(Data excerpts begins)

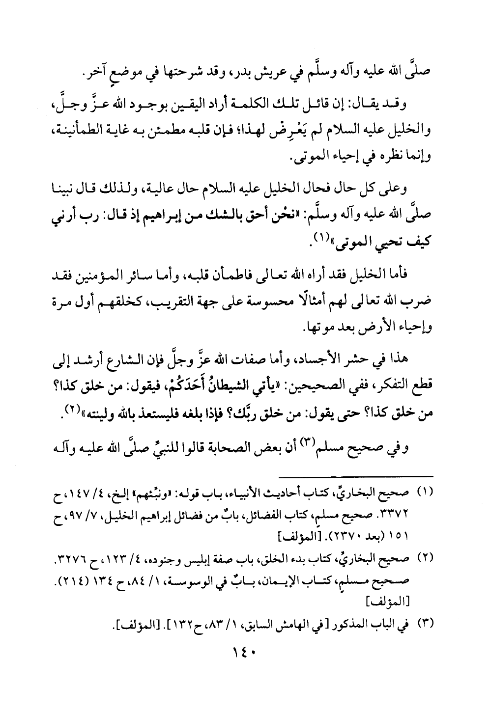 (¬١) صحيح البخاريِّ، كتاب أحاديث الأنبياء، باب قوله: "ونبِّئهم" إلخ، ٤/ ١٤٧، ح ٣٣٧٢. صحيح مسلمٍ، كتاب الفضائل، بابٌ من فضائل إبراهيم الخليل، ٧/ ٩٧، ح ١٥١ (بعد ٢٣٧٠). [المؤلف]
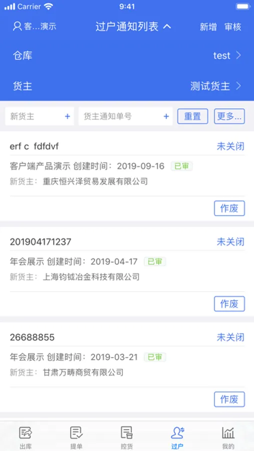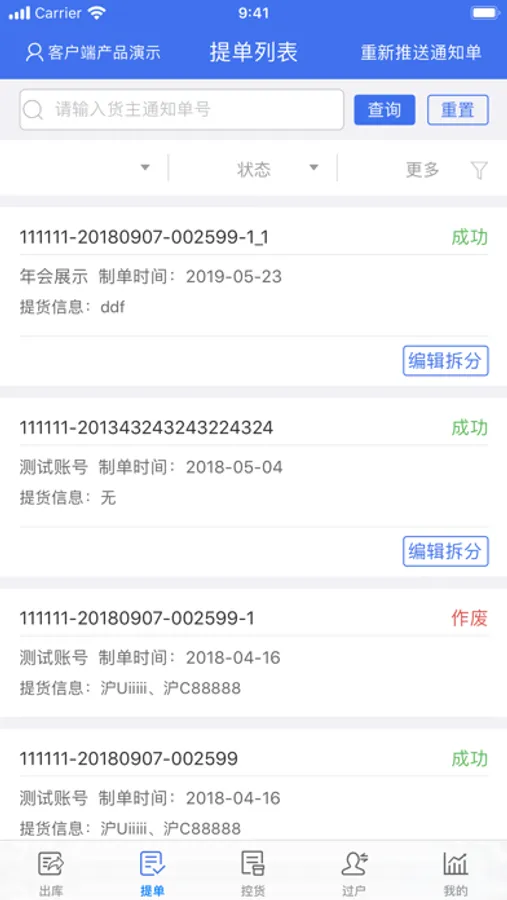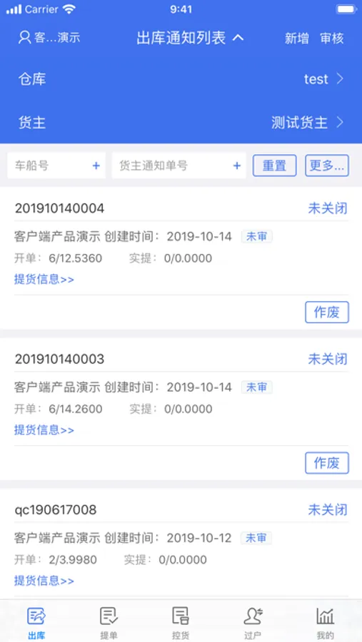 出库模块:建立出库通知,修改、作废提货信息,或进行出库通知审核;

(Data excerpts ends)
(Data excerpts begins)

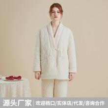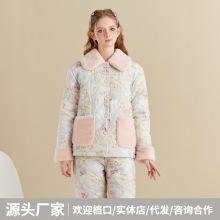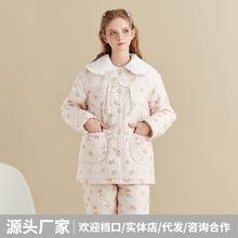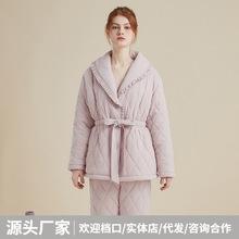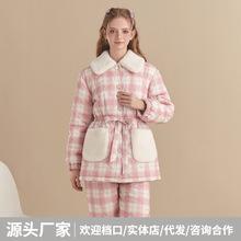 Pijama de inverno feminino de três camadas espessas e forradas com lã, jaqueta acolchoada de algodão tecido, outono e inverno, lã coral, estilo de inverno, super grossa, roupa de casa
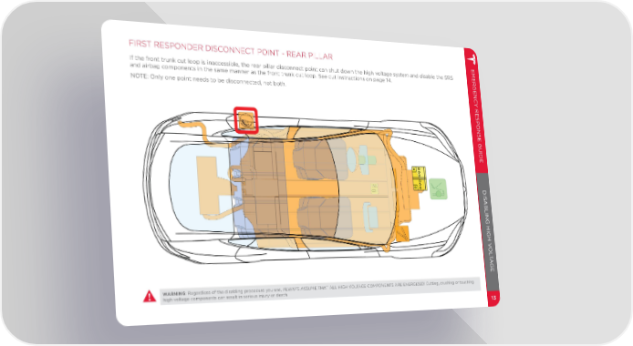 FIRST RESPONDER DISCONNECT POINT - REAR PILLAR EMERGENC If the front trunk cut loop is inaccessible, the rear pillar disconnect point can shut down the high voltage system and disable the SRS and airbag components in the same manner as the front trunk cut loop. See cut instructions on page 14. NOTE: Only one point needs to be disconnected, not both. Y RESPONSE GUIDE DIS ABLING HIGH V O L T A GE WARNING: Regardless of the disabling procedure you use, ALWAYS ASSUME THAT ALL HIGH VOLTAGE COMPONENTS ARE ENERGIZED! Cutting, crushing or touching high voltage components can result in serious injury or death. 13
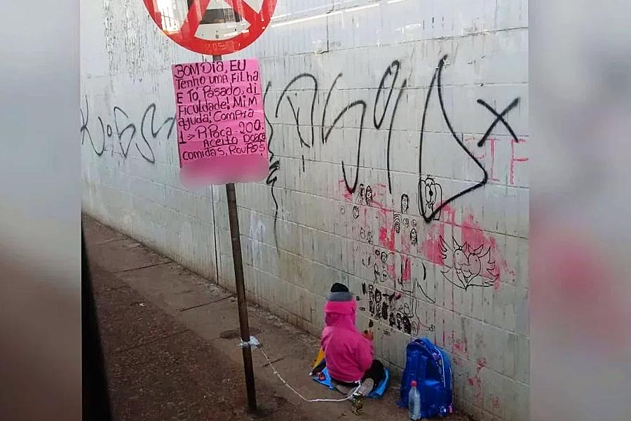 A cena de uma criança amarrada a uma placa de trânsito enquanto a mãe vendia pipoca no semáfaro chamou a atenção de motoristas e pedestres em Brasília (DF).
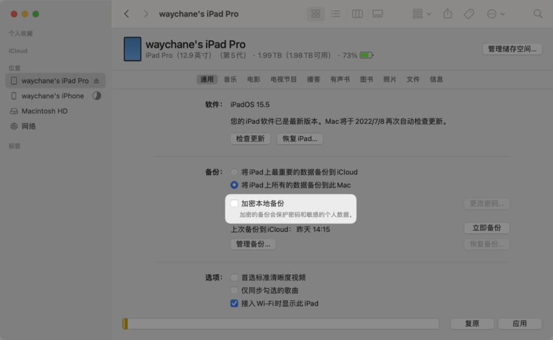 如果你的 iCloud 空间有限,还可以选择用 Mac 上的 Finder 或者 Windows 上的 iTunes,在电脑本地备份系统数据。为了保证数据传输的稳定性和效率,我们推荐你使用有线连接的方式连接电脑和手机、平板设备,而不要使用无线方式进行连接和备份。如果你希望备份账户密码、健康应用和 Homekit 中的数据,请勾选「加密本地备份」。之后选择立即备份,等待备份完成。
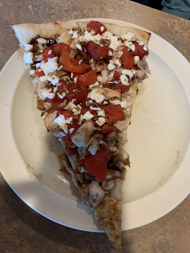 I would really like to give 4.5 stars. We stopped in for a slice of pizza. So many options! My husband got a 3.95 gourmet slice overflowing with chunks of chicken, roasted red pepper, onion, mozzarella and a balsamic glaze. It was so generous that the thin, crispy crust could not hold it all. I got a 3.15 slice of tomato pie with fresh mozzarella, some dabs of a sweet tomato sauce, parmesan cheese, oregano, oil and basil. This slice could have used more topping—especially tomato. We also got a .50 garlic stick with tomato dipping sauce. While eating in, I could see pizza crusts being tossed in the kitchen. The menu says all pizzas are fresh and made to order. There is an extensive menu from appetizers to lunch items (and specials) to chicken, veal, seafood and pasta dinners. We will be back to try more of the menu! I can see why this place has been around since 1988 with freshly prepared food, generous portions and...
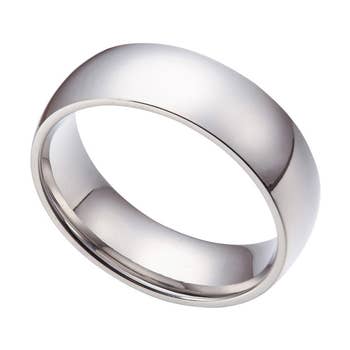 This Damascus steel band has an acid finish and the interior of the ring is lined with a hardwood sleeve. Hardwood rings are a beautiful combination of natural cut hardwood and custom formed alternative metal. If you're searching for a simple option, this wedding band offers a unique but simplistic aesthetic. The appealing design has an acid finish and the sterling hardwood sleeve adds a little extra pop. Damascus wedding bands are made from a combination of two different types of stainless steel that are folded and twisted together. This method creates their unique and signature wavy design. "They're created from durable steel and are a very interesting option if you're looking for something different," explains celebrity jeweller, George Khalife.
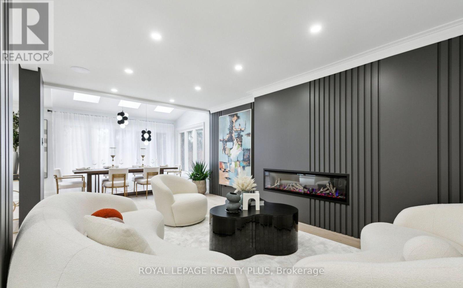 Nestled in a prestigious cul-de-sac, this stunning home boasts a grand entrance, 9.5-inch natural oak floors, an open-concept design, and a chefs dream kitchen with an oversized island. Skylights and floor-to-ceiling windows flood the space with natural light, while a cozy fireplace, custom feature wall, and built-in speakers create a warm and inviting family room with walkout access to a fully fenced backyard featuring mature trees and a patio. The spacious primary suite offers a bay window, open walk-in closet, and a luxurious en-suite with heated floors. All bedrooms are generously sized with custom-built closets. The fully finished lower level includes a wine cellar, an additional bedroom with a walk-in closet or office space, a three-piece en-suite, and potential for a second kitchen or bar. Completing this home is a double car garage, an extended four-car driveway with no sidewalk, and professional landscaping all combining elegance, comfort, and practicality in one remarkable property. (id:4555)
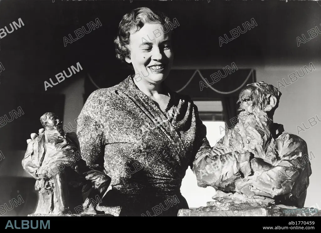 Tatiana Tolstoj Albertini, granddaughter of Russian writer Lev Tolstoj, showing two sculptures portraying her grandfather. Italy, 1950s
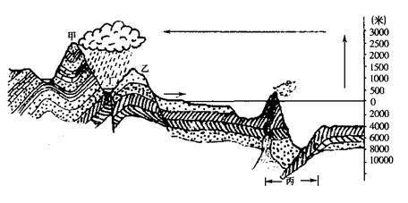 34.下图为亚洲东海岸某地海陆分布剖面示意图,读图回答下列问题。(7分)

(Data excerpts ends)

### Task item
Precisely those lines above that run from the line with "(¬١) صحيح البخاريِّ،" up to and including the line with "出库模块:建立出库通知,修改、作废提货信息,或进行出库通知审核;" are to be set down, with the pictures omitted.

### Answer section
 (¬١) صحيح البخاريِّ، كتاب أحاديث الأنبياء، باب قوله: "ونبِّئهم" إلخ، ٤/ ١٤٧، ح ٣٣٧٢. صحيح مسلمٍ، كتاب الفضائل، بابٌ من فضائل إبراهيم الخليل، ٧/ ٩٧، ح ١٥١ (بعد ٢٣٧٠). [المؤلف]
 出库模块:建立出库通知,修改、作废提货信息,或进行出库通知审核;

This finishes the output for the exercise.